For the MAMBA DGP, we varied the severity of outlier test statistics, while for RE and RE2 DGP we varied the amount of effect heterogeneity across cohorts. For FE DGP we considered different magnitudes of fixed effects sizes. For BE DGP we randomly selected a fraction of the studies where the genetic effect of causal variants is non-zero. A complete and detailed breakdown of simulation scenarios considered can be found in the Supplementary Note.

Simulation evaluation of type I error

We evaluated empirical type-I error rates at α = 1 × 10−6, 1 × 10−5, 1 × 10−3, and 0.05 for each method under different DGPs (Supplementary Data 1). The type I error was evaluated using 60 million simulated genetic variants for each DGP.

First, we found that under the fixed effects assumption (DGP=FE), all methods have controlled type I error for different significance thresholds, except for the RE method which tends to be conservative. When outliers are present in the dataset (DGP=MAMBA), all models except for MAMBA have inflated type-I error. The inflation of the type-I error rate becomes increasingly severe as the significance level becomes more stringent. For example, at α = 1 × 10−3, type I error for the FE method is 5 times inflated relative to the significance threshold, and BE and RE2 methods are both >10 times inflated. At a more stringent threshold of α = 1 × 10−6, the type I error for the FE method is >400 times the significance threshold, whereas BE and RE2 both have type-I error rates of more than 4000 times the significance threshold.

Interestingly, the RE method does not have well-controlled type-I error even when the data are generated under a RE DGP. This is in fact consistent with previous investigations22,23,24. The type I error inflation is due to the challenge of accurately estimating the heterogeneity in a set of meta-analysis studies. On the other hand, the MAMBA model produces better-calibrated p-values compared to the RE model even when the data is generated according to a RE model. For example, at α = 1 × 10−6, the RE method type-I error rate is 9.7 × 10−6, close to 10 times the significance threshold, while the type I errors for FE, RE2, and BE methods are all greater than 20 times the nominal threshold. The SCREEN model was not considered here, as it does not calculate meta-analysisp-values.

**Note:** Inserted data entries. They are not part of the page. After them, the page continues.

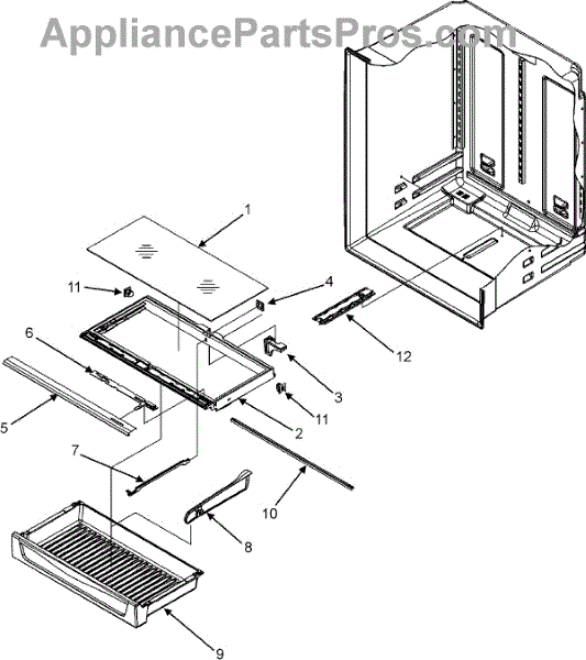 • Provides a smooth sliding surface and alignment for the deli/pantry drawer
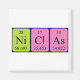 Niclas spelled out as Ni Cl As (Nickel Chlorine Arsenic) on a magnet for the scientist in you.
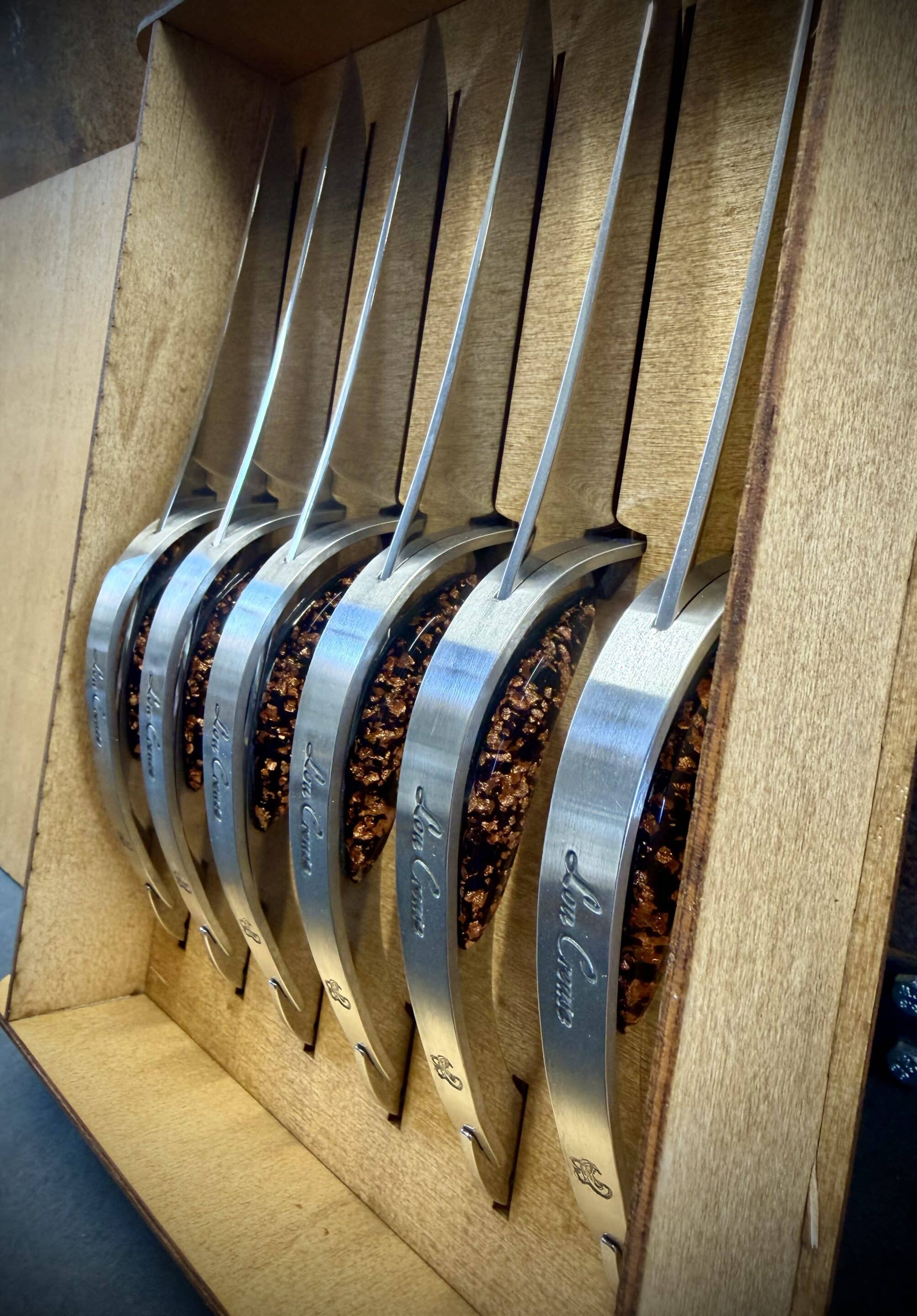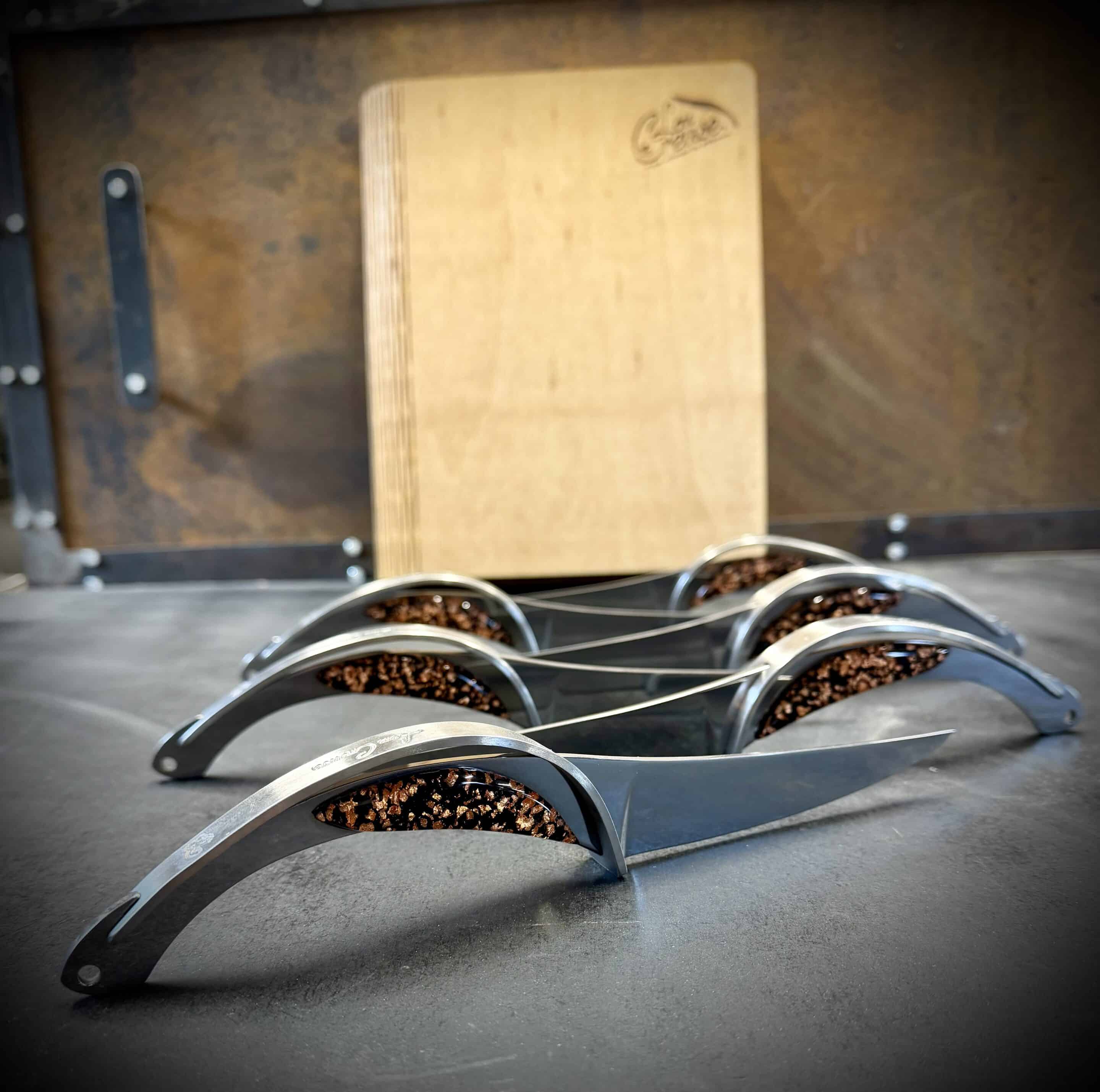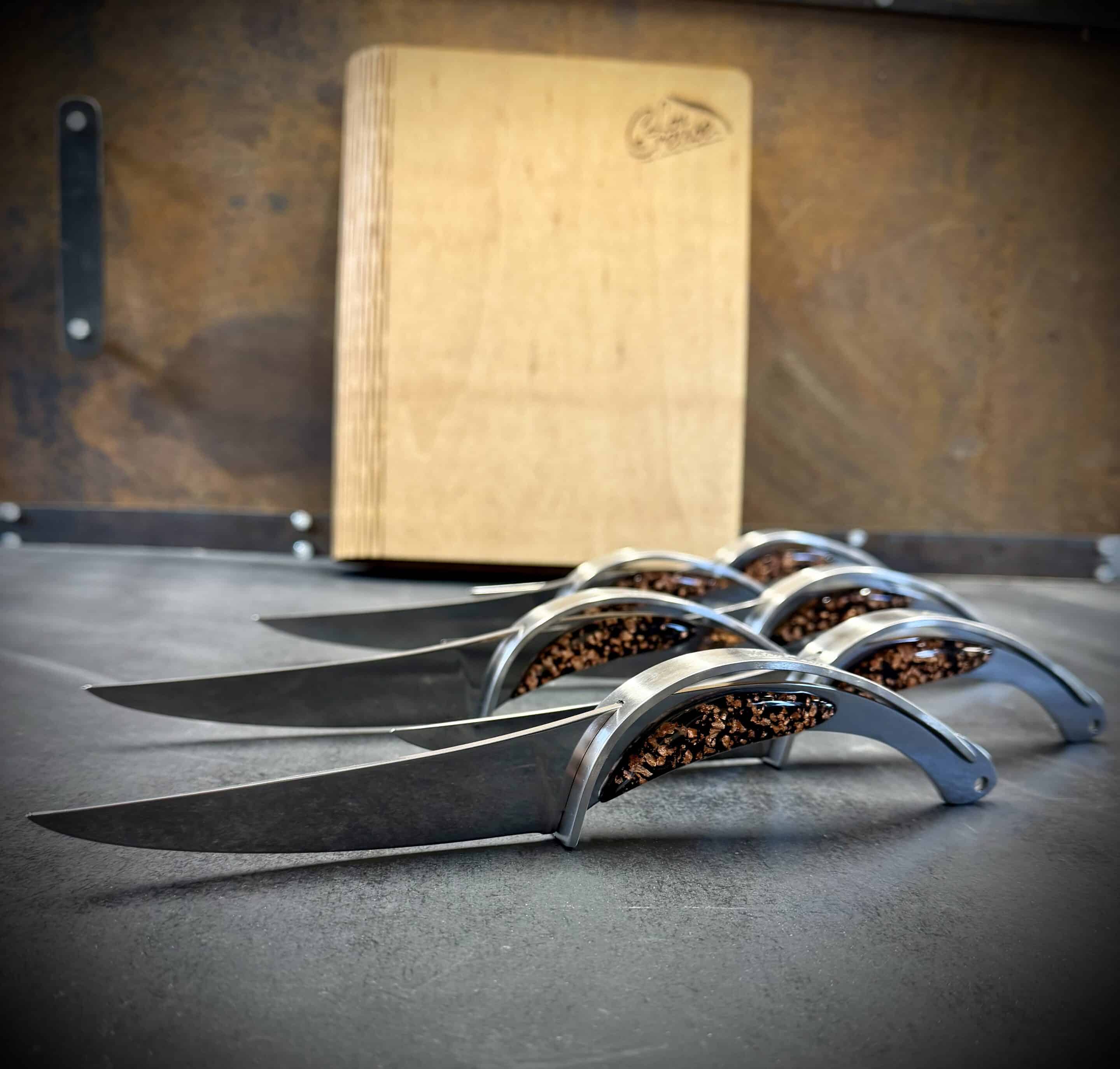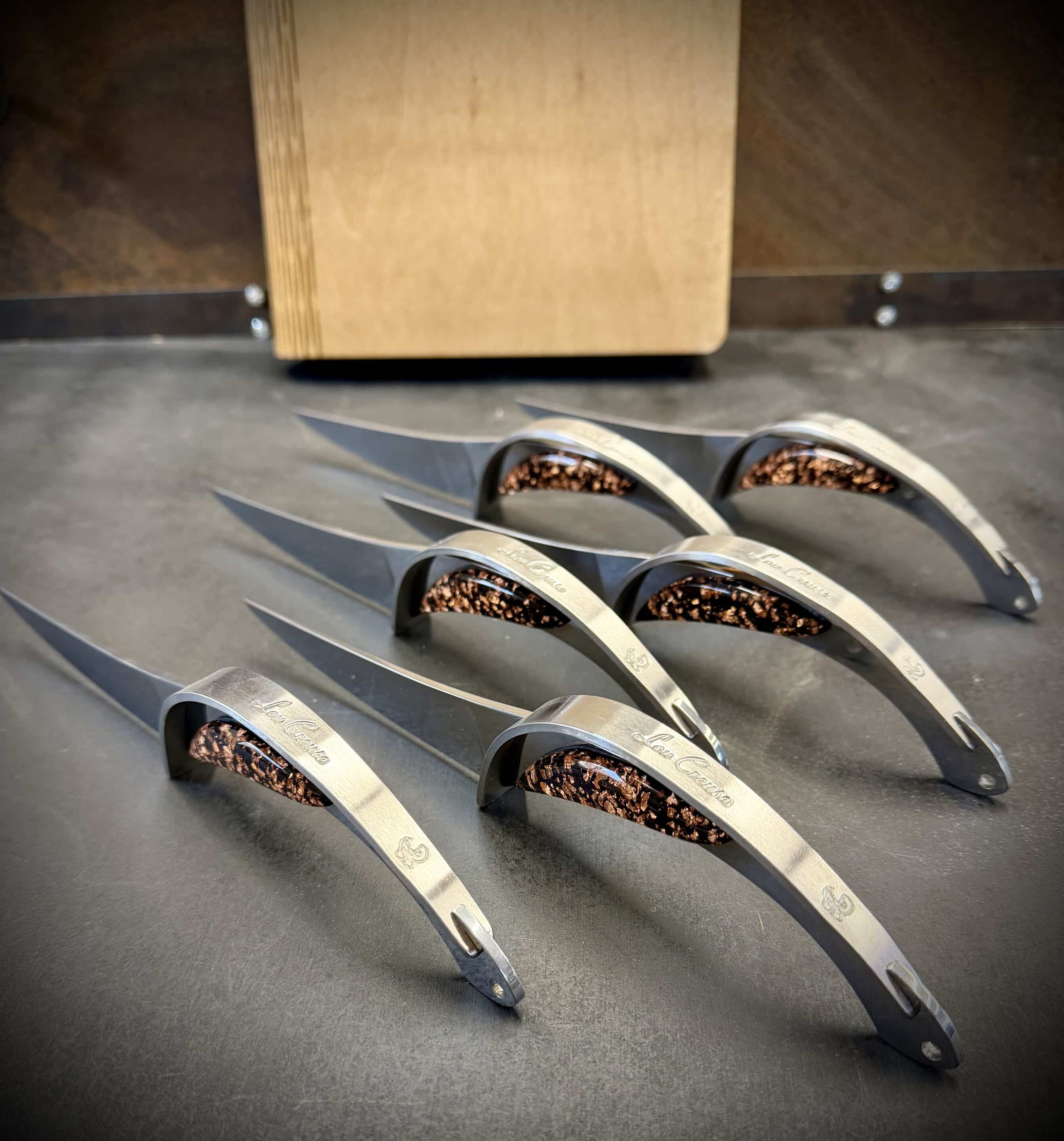 Les couteaux Lou Creuse d’art de la table sont conçus en acier inoxydable MA5 et disposent de plaquettes en différentes finitions : Granit Clair, Granit Bleu, Granit Sablé , Porcelaine Raku , Acacia , Feuille D’or et Feuille d’argent . Ils mesurent 24 cm de long et pèsent 105 g.

Simulation comparison of power

We next compared each method in terms of power under different DGPs (Fig. 2a). As some methods have inflated type-I error rates, we recalibrated the significance threshold for each method so that all methods have an empirical type-I error rate α = 1 × 10−6. The power comparison was based upon the recalibrated threshold (Supplementary Data 2). We first note that when standard fixed-effects assumptions hold (DGP=FE), power for the MAMBA model is nearly equal to that for fixed-effects meta-analysis, and larger than any alternative methods. When the data are generated with outliers or heterogeneity (DGP=MAMBA or RE DGP), the power of the MAMBA model is also greater than that of any other method. Under an RE2 DGP, where heterogeneity exists only under the alternative hypothesis, MAMBA and FE have nearly identical power, and both are slightly more powerful than the RE2 method. This comparison is in fact consistent with Han and Eskin’s finding13, and is reflective of the amount of between-study heterogeneity (0.05–0.3) we used in the simulation studies. In general, one would expect some advantages for the RE2 method over alternatives in cases of more extreme effect heterogeneity. Finally, while the BE model has superior power when less than 90% of the studies are associated with the phenotype, the MAMBA and FE models are the most powerful methods when the genetic variant is associated with the phenotype in 90% or more of the studies. As the goal of the MAMBA model is to identify real and non-zero replicable associations where effects are present in all cohorts, the comparison result with BE is expected in cases where only a small proportion of studies are associated with the phenotype.

Fig. 2: Comparison of power and the mean square error for different methods in simulation studies.
figure 2

a The power was evaluated using 1 million replications at the significance threshold of α = 1 × 10−6. b The mean-squared error for the genetic effect estimates were evaluated for MAMBA, fixed effect (FE) and random effect meta-analysis (RE). The RE2, BE, and SCREEN methods do not produce genetic effect estimates and thus were not considered. Scenarios under different data generation process (DGP) were considered. Source data are provided as a Source Data file.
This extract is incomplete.